役に立つオモシロ医学論文

寒い時季は高血圧や心臓病に注意するべし

写真はイメージ(C)日刊ゲンダイ

 春が近づいていますが、まだまだ寒い日が続きます。「外の気温が低いと血圧は高くなる」ということをご存じの方も多いでしょう。これは体内の熱を逃がさないように血管が収縮するためです。ホースの口を狭くすると水圧が上昇するのと同じように、血管が収縮すると血圧は高くなります。

 この理屈は理解しやすいですが、それによって、高血圧の合併症である心臓病は増えるのでしょうか。中国で行われた観察研究が、「欧州心臓病学会誌」(2015年5月号)に掲載されました。

 この研究は中国10地域において、過去に心臓病を経験した2万3040人(平均61歳)を解析したものです。外気温と血圧、心臓病発症の関連を7年間にわたり追跡調査しました。なお、年齢、性別、高血圧治療、喫煙、飲酒など、結果に影響を与え得る因子で統計的に補正して解析しています。

 その結果、収縮期血圧(上の血圧)は夏季(平均25.5度)で平均136mmHg、冬季(平均3.8度)で平均145mmHgと、統計的にも有意に冬季で高くなりました。外気温が5度以上という条件の下で、気温が10度下がると収縮期血圧が6.2mmHg上昇することが示されています。さらに、収縮期血圧が10mmHg上昇するごとに、心臓病による死亡は21%増加しました。心臓病による死亡は、夏季に比べて冬季で41%も多かったと報告しています。

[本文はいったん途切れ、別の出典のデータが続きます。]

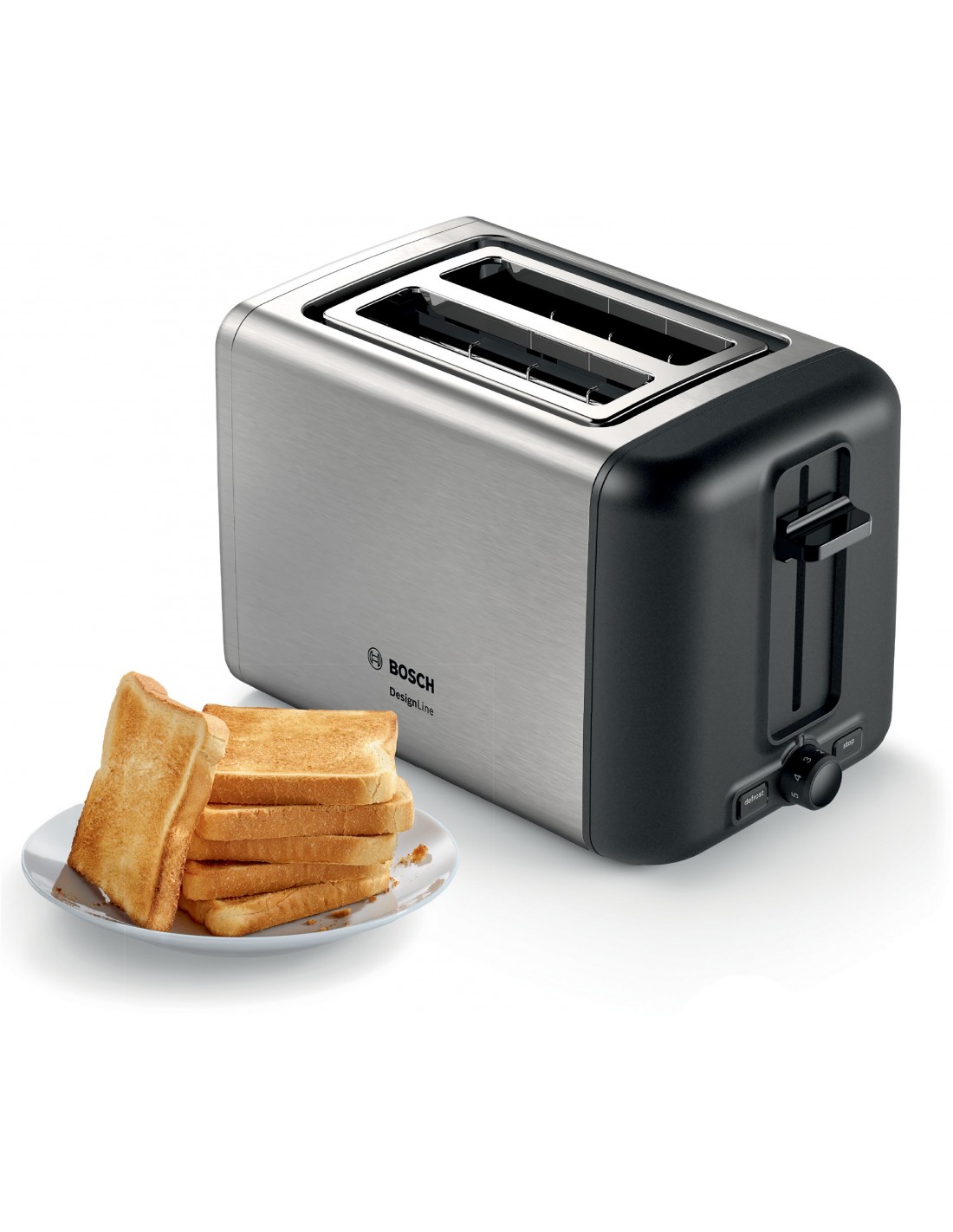 Bosch TAT3P420 Tostapane compatto DesignLine Inox. Numero di fette: 2 fetta/e, Colore del prodotto: Acciaio inox, Materiale della scocca: Acciaio inox. Potenza: 970 W, Tensione di ingresso AC: 220 - 240 V, Frequenza di ingresso AC: 50 - 60 Hz. Lunghezza cavo: 0,9 m, Larghezza: 300 mm, Profondità: 170 mm. Larghezza imballo: 206 mm, Profondità imballo: 342 mm, Altezza imballo: 220 mm
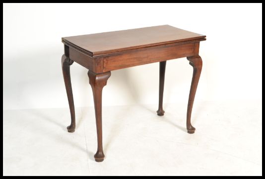 An 18th century George III solid cuban mahogany tea table / games table raised on cabriole legs with pad feet having fitted frieze with fold over table top above. Measures 74 cm x 88 cm x 44 cm.
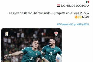 伊拉克時隔40年重返世界杯,伊拉克隊官方社媒用阿拉伯語、英語、西班牙語寫道:“我們做到了,40年的等待結(jié)束,伊拉克晉級2026年世界杯!”
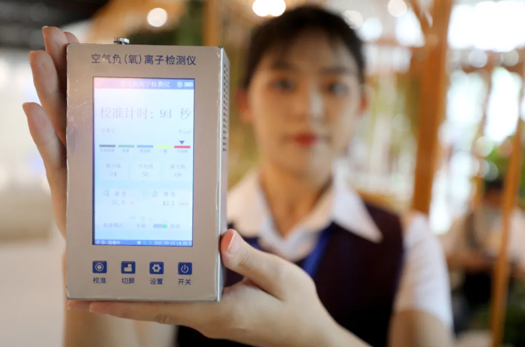 ▲选手展示空气负(氧)离子检测仪。雷键 摄

 厚労省の統計でも、心臓病や脳卒中による死亡は秋から冬にかけて増加するようです。季節との関連性は、例えば感染症などの影響もあるかもしれませんが、冬場の寒さは血圧の上昇、そして心臓病にも注意が必要かもしれません。

青島周一

2004年城西大学薬学部卒。保険薬局勤務を経て12年9月より中野病院(栃木県栃木市)に勤務。“薬剤師によるEBM(科学的エビデンスに基づく医療)スタイル診療支援”の確立を目指し、その実践記録を自身のブログ「薬剤師の地域医療日誌」などに書き留めている。